▶ _MATERIAL FOR THIS EXERCISE_:
━━━

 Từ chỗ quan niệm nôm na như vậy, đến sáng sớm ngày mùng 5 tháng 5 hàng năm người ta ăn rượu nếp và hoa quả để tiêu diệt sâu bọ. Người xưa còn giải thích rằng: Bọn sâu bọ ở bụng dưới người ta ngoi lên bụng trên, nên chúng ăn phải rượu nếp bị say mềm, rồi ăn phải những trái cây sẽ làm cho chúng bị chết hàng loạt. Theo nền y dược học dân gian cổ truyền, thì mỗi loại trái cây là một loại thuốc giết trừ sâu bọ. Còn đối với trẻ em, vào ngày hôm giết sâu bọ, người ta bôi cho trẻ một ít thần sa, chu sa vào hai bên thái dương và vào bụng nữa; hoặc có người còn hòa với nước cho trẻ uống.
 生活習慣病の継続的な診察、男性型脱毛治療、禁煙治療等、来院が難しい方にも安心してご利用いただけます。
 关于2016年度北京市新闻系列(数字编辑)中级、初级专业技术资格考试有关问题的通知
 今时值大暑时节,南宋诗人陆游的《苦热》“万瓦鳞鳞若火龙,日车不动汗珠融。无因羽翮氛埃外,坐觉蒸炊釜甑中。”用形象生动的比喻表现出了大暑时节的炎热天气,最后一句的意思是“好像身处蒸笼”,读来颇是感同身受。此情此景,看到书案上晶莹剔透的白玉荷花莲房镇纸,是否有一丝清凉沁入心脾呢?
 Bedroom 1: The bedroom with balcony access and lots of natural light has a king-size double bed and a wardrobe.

━━━

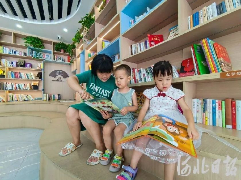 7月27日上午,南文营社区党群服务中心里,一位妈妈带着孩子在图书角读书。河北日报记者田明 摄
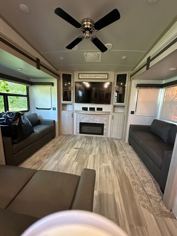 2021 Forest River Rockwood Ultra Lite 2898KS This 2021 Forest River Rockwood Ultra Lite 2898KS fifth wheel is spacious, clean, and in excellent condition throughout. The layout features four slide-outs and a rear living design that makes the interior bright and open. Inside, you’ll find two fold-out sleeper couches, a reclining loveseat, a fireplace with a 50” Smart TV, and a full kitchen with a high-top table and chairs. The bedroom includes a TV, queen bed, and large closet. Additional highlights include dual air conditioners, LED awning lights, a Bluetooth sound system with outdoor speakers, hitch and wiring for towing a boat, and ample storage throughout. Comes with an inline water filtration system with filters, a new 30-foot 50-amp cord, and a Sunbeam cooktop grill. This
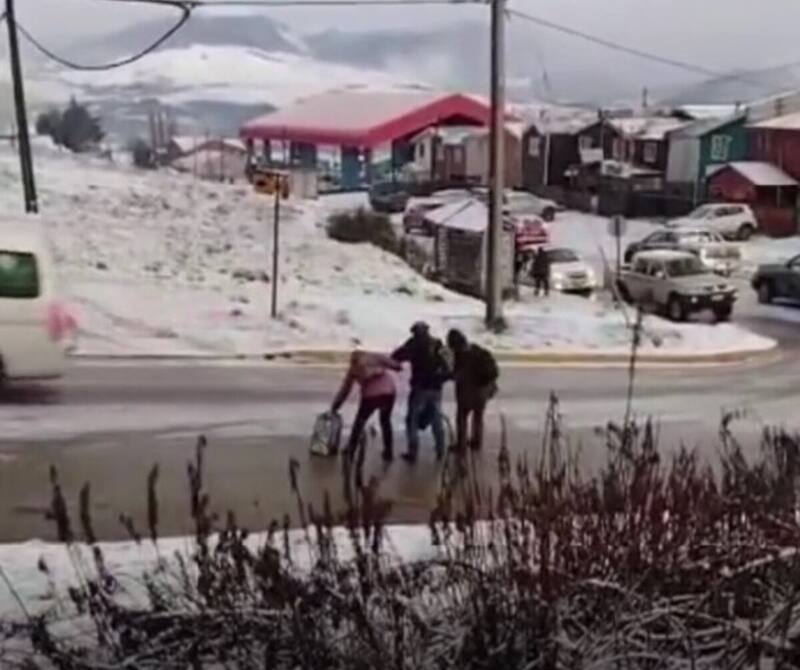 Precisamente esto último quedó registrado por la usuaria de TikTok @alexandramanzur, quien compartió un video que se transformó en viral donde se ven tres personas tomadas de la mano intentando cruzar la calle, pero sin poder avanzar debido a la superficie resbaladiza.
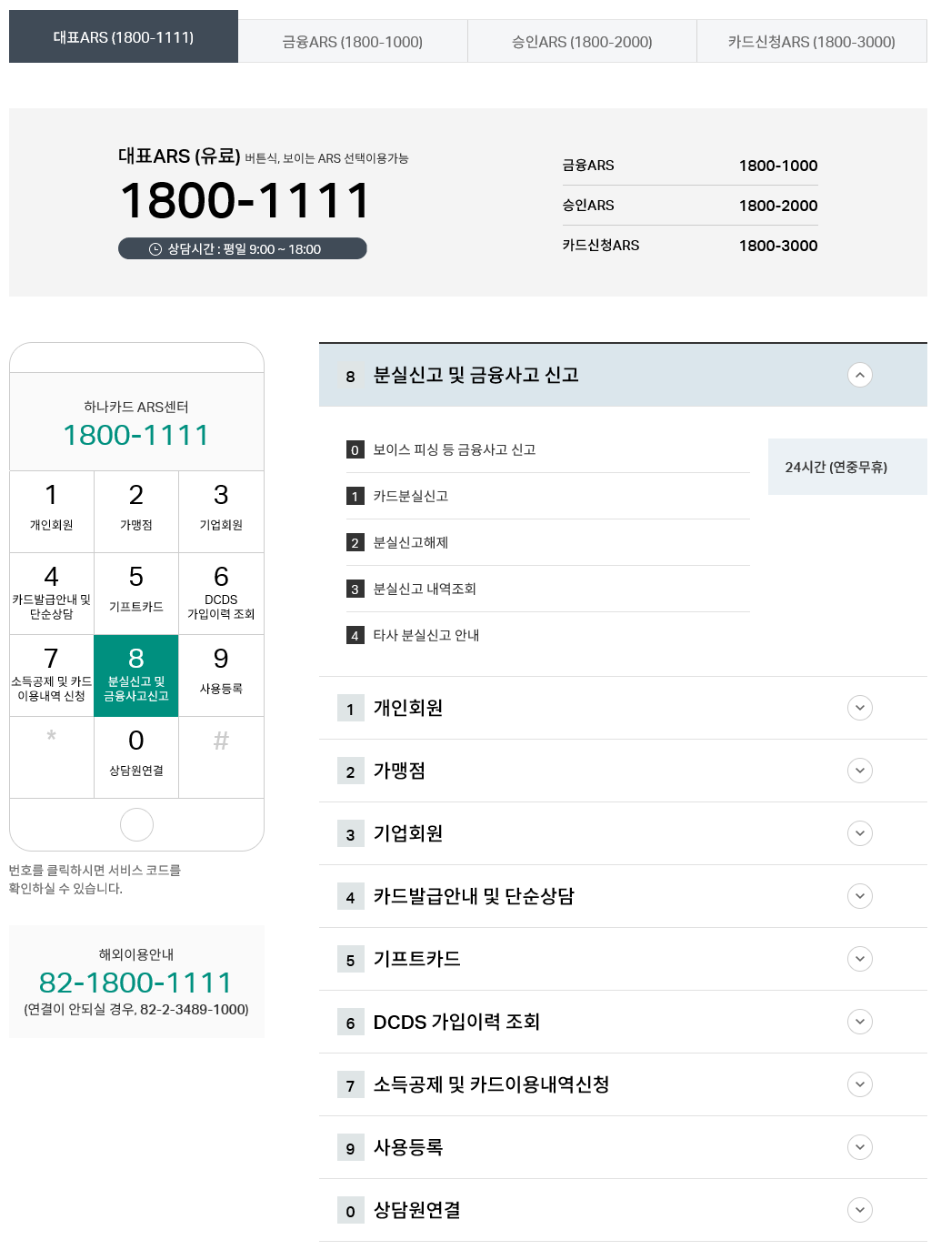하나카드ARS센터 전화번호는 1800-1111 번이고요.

━━━

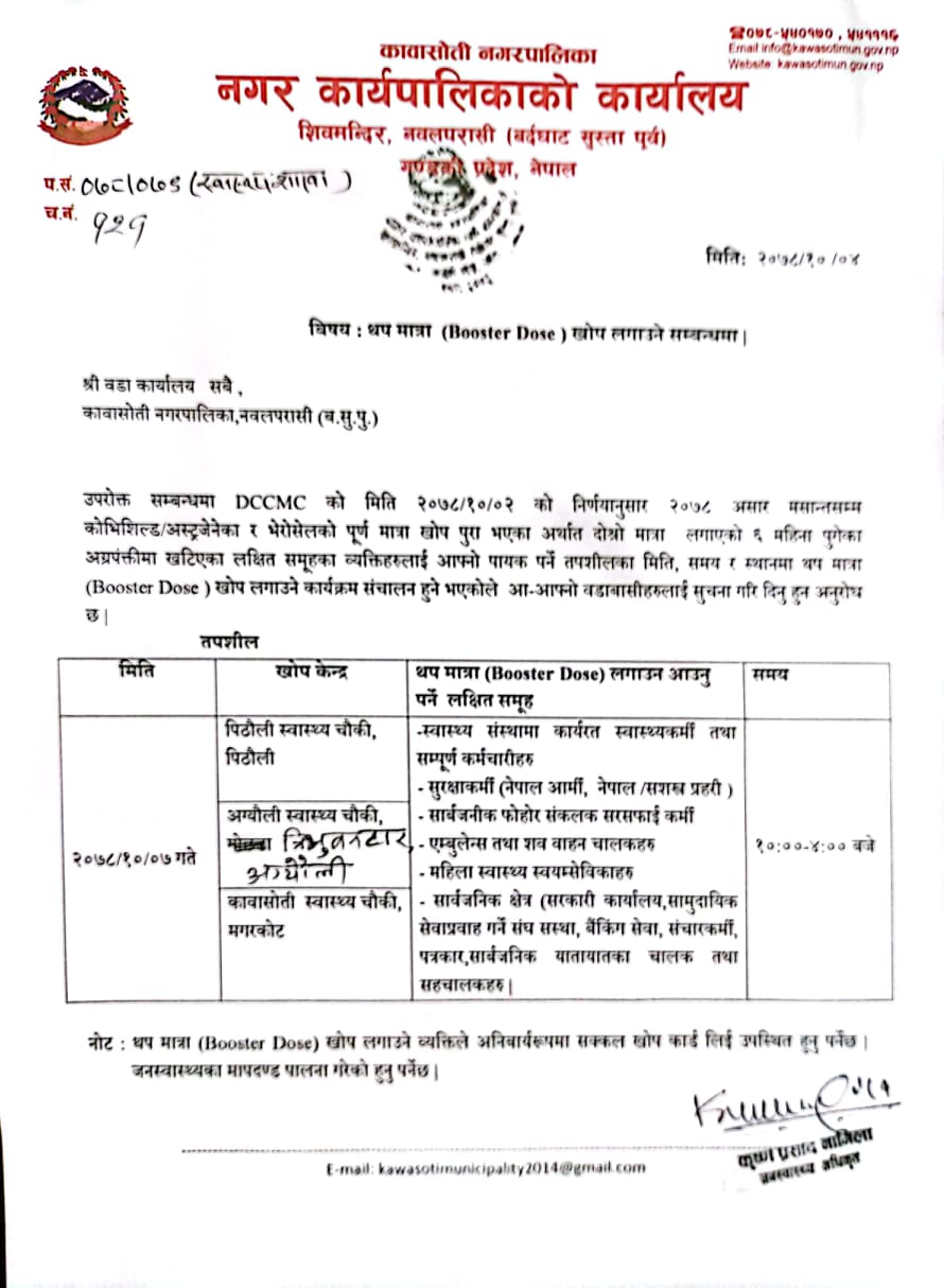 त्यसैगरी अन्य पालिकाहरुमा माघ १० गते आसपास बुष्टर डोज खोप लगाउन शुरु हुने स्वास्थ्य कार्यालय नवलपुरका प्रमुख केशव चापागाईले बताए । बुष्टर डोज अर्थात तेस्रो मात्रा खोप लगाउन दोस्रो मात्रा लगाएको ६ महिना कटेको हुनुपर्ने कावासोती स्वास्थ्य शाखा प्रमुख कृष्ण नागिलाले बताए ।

━━━

Here the output must be the lines above from the line with "生活習慣病の継続的な診察、男" to the line with "Bedroom 1: The", both included, duplicated word for word and nothing else.

 生活習慣病の継続的な診察、男性型脱毛治療、禁煙治療等、来院が難しい方にも安心してご利用いただけます。
 关于2016年度北京市新闻系列(数字编辑)中级、初级专业技术资格考试有关问题的通知
 今时值大暑时节,南宋诗人陆游的《苦热》“万瓦鳞鳞若火龙,日车不动汗珠融。无因羽翮氛埃外,坐觉蒸炊釜甑中。”用形象生动的比喻表现出了大暑时节的炎热天气,最后一句的意思是“好像身处蒸笼”,读来颇是感同身受。此情此景,看到书案上晶莹剔透的白玉荷花莲房镇纸,是否有一丝清凉沁入心脾呢?
 Bedroom 1: The bedroom with balcony access and lots of natural light has a king-size double bed and a wardrobe.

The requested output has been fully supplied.